Outside Live-Ball Moves

Many times you will receive a pass on the court and find that, although you are guarded, you are the closest one to the basket. It's now up to you to make a move with the ball so you can get off your shot. This is where you get to add your personal offensive touch. Being able to execute more than one of the following individual moves with the ball will greatly help you get free for your shot. Practice them when you're alone, using different fakes and varied speeds.

 When you practice these moves, be sure that you turn, face the basket, and assume proper basketball position: your feet a shoulder's width apart and pointed toward the basket, your knees are flexed, and your shoulders are facing the basket. If you are right handed, keep the ball on your right side. If you are left handed, keep it on your left side.

The Drive

The drive, a quick move past the defender toward the hoop, is one of the most basic of all offensive basketball moves. If you are able to drive well, then you can get past your man and successfully penetrate the defense. Once you are close to the hoop you can then go for the shot yourself, possibly getting fouled; or, you can dish off to a teammate who can get an uncontested lay-up or a short- range jump shot.

Don't overuse the drive. What happens in a game when you continually look for the drive is that your defensive man automatically starts to back up once you have the ball. He knows what you want to do. By backing off, he denies you the first step to the hoop. This takes away any advantage that you had over him with the drive.

When this happens, a player has to bring out the best offensive weapon there is to get the drive back: the OUTSIDE shot. If the defense is laying off you to keep you from driving, then go for your jumper. After you make two or three of them, the defense will be forced to move back in close to keep you honest. Then you got your man right where you want him. He's more vulnerable than ever to your quickness, and you can use your drive again.

Sidney Moncrief says, "When I receive the ball I can set my man up for a drive by using ball, shoulder, or head fakes. Depending on the position of my defender, I can also fake a jump shot, get my man in the air, and go around him."

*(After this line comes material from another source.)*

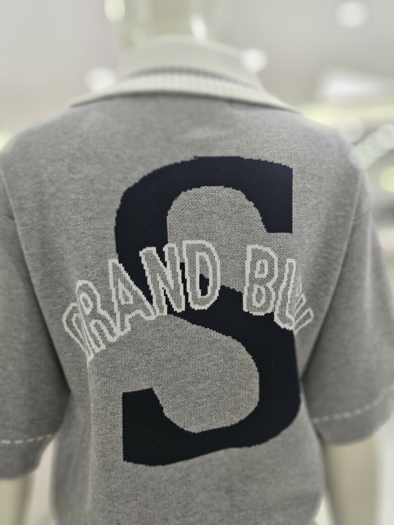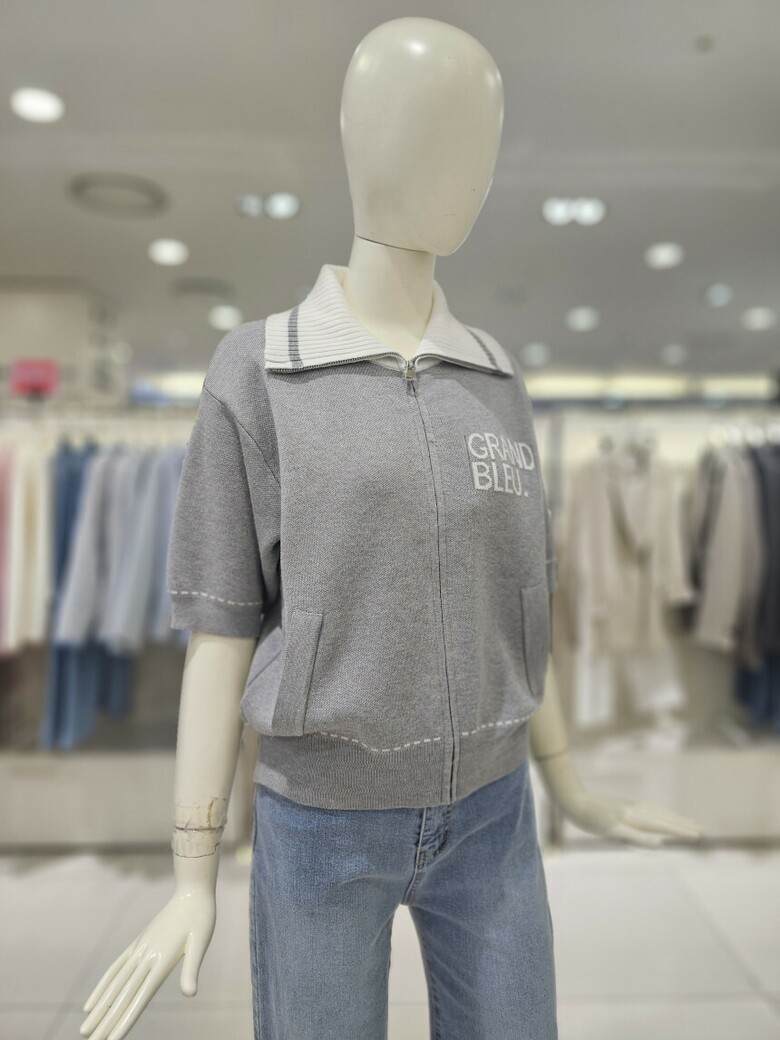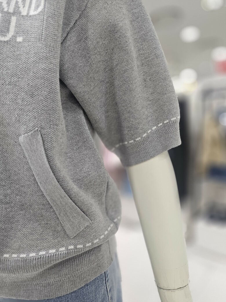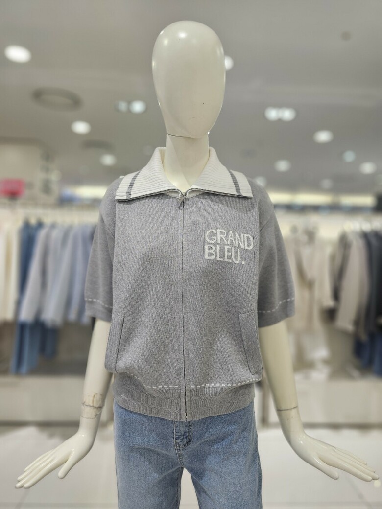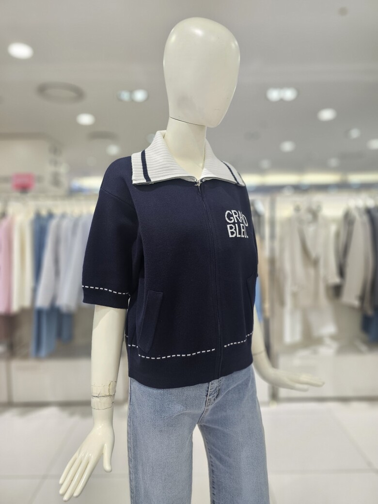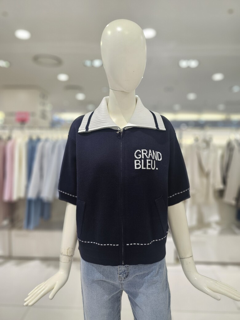 더 틸버리 배색카라 백레터링니트반팔 가디건TR4M1CD51W

Montcrief goes on to say this about the mechanics of the drive. "When my man does go for one of my fakes, I push off my pivot foot, take a long quick first step toward the hoop, as I put the ball down hard on the floor just past the hip of the defender. When the ball is put down, I lift my pivot foot, push past the defender's shoulder and go for the hoop."

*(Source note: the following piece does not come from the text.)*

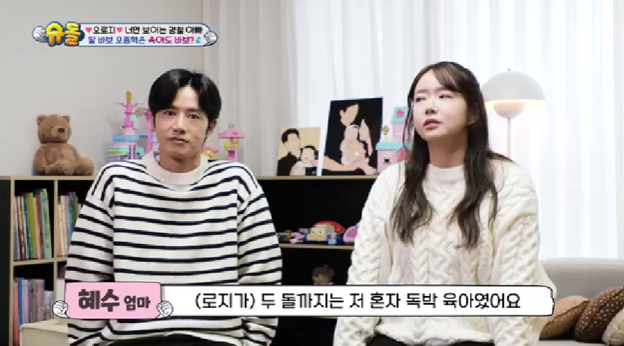 (엑스포츠뉴스이유림기자)오종혁의아내가오종혁이아이와보내는시간이적었다고밝혔다.12일방송된KBS2TV'슈퍼맨이돌아왔다'에서는‘오로지너만의슈퍼맨’편으로3MC박수홍,최지우,안영미와슈퍼맨오종혁,박수홍이함께했다.이날새로운슈퍼맨으로오종혁이등장했다.그의딸,32개월된로지는카메라감독에게"로지어때요?"라고귀여운매력을뽐내고있는가운데,오종혁이로지를부르며모습을드러냈다.스튜디오에서박수홍은"종혁씨가고등학생일때저랑봤다.그때정말미소년이었다"며오종혁과의오랜인연을언급했고,"로지가그모습이있더라.아빠닮았다.너무예쁘고귀엽다"고칭찬을아끼지않았다.자료화면을통해오종혁의어린시절사진과로지의사진이비교되었고,두사람의똑닮은외모에스튜디오의모두가놀라움을표했다.오종혁역시"진짜닮았네?"라며신기해했다.오종혁과로지는외모뿐만아니라성격과끼까지닮은점이많았다.오종혁은"로지가낯가림이0.0001%도없다"고전했고,그말대로로지는처음만난카메라삼촌에게도쉽게다가가는친화력을보였다.로지의성격이엄마와아빠중누구를닮았냐는질문에오종혁은"제가어렸을때별명이백원만이었다.'아저씨.100원만요'라고하면어이없어서주셨다더라"며자신을닮았다고답했다.그런가하면,오종혁의아내는오종혁과로지가단둘이있던적이있냐는질문에"아니요.(로지가)두돌까지는완전쌩독박이었다"라고단칼에답했다.이어아내는"로지가오빠를엄청싫어했던시절이있었다.오빠가로지랑시간을보내면좋지않을까"라고바람을드러냈다.이와관련해오종혁은"코로나시기에로지가태어났다.사실저희가다겪었듯이코로나때모든일이(끊겼다)"며"힘든시기여서타개하기위해돌아다녔다.1년에5일쉬었다"라고아이와함께할시간이부족했던이유를설명했다.사진=KBS2TV방송화면이유림기자[email protected]©엑스포츠뉴스.무단전재및재배포금지.

It's important to protect the ball with your body when you are driving. Do this by turning your trunk as much as possible to prevent any steals. For a drive to the basket, quickness and control are great assets to have. Practice your drive like this:

  1. Face up and be square with the basket. Keep low, knees flexed, and in a good basketball offensive position.
  2. With the ball in your hands, work on pushing off on your back foot and taking that first long step to the hoop.
  3. Put the ball down hard on the floor, before you pick up your pivot foot.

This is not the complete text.